SUPPLIED DATA ▸
▬▬▬▬▬▬

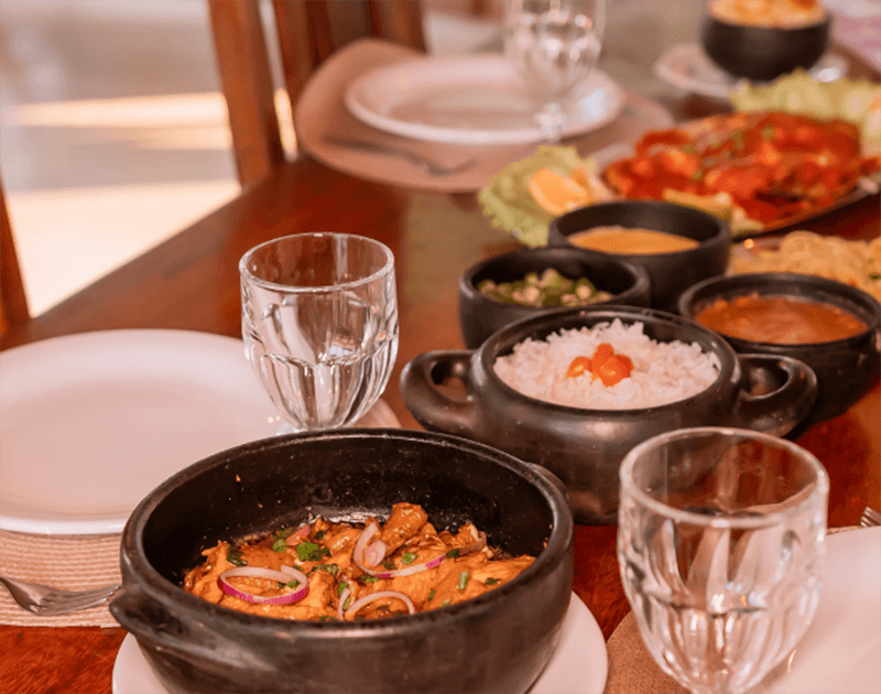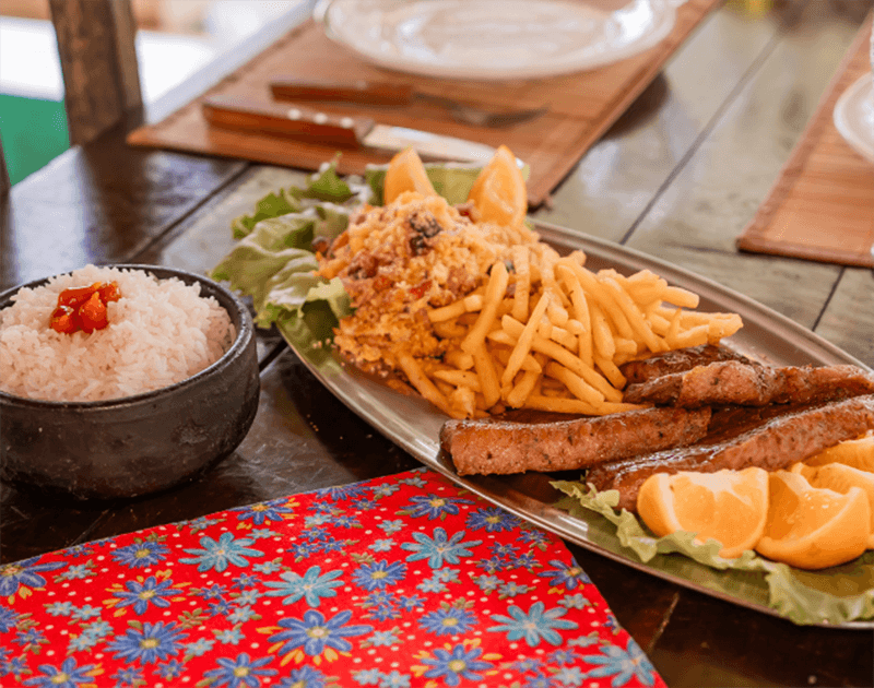Nosso restaurante oferece opções à la carte de surubim, dourado, tucunaré, picanha e o tradicional frango caipira – servido com acompanhamentos como quiabo e angu de milho verde.
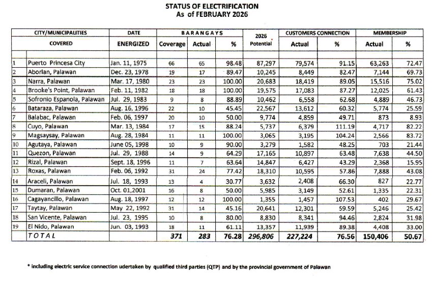 As of February 2026, PALECO energized 283 barangays out of 371 barangays within its franchise area. It has 227,224 house connections or 76.56 percent of the potential house connection of 296,806 and has 150,406 members. This is continuously increasing because of the ongoing line extensions of the Cooperative funded by National Government, Local Government Units, PALECO itself, and private entities/individuals.
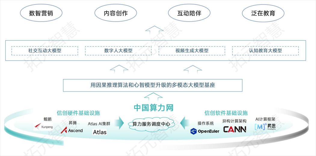 在技术架构层面,拓元团队使用了国产化的基础设施,并完成了全业务流程的测试,成功实现了大模型国产化训练和部署。以AIGC典型应用——数字人为落点,团队打造了国内首个基于国产化智算平台的数字人大模型应用平台。该平台具备形象声音、价值观行为学习能力,以及多模态互动能力,可以极大提升企业数智化运营效率和成本效益,助力企业“人工智能+”改造升级。
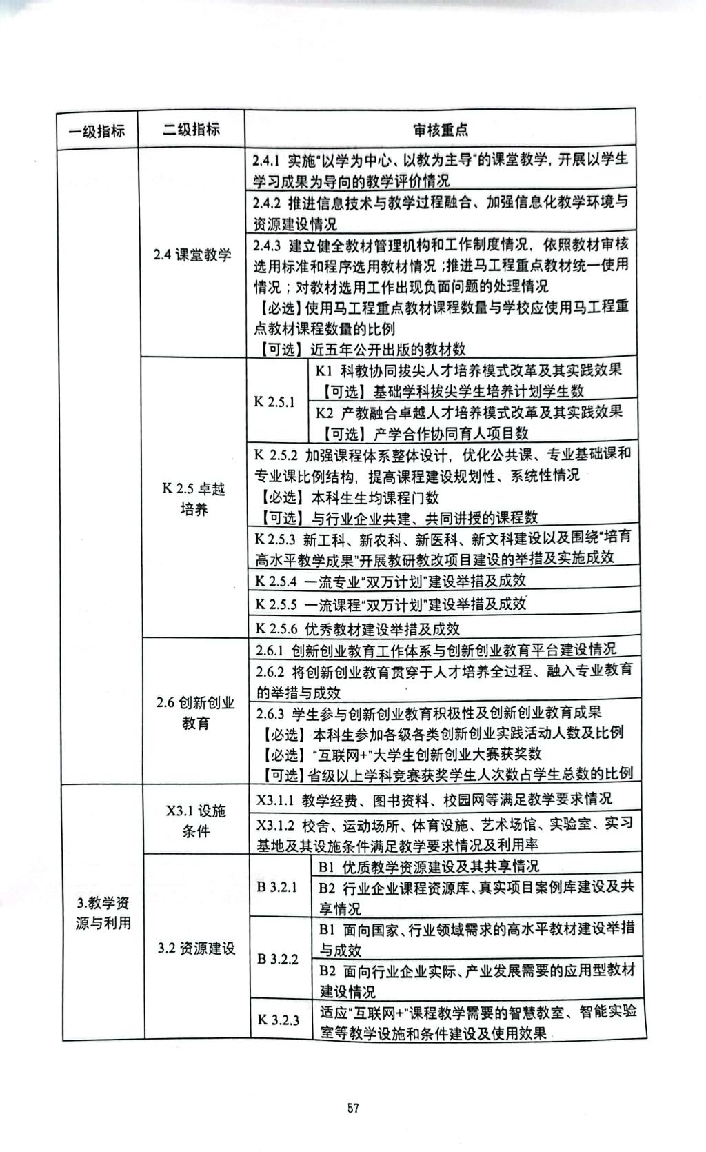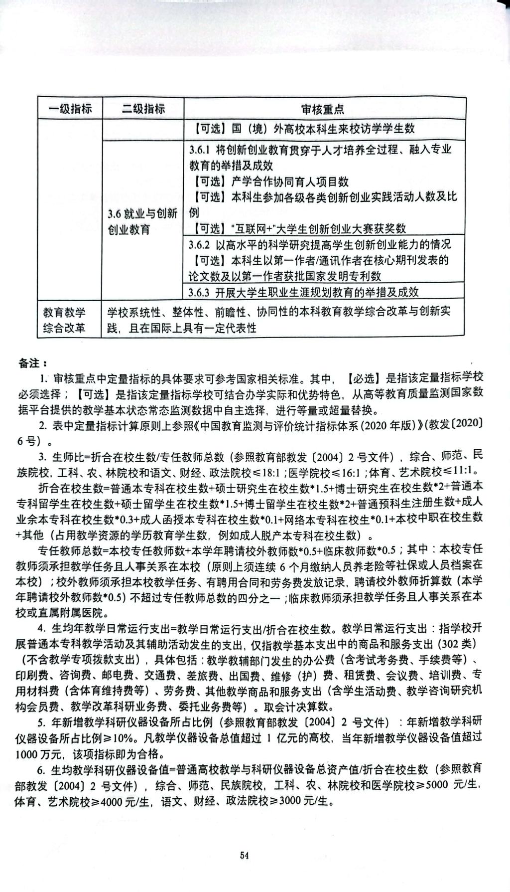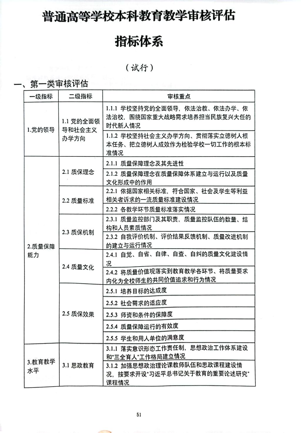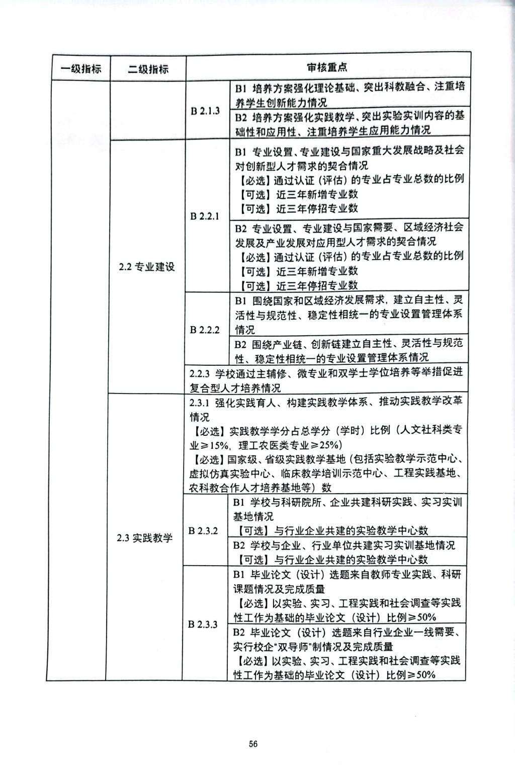 普通高等学校本科教育教学审核评估指标体系(试行)

▬▬▬▬▬▬

DIRECTIONS ▸
Beginning with the line that contains "As of February" in the data above, please copy each line exactly until the last line, both ends included, skipping any pictures.

EXERCISE RESULT ▸
 As of February 2026, PALECO energized 283 barangays out of 371 barangays within its franchise area. It has 227,224 house connections or 76.56 percent of the potential house connection of 296,806 and has 150,406 members. This is continuously increasing because of the ongoing line extensions of the Cooperative funded by National Government, Local Government Units, PALECO itself, and private entities/individuals.
 在技术架构层面,拓元团队使用了国产化的基础设施,并完成了全业务流程的测试,成功实现了大模型国产化训练和部署。以AIGC典型应用——数字人为落点,团队打造了国内首个基于国产化智算平台的数字人大模型应用平台。该平台具备形象声音、价值观行为学习能力,以及多模态互动能力,可以极大提升企业数智化运营效率和成本效益,助力企业“人工智能+”改造升级。
 普通高等学校本科教育教学审核评估指标体系(试行)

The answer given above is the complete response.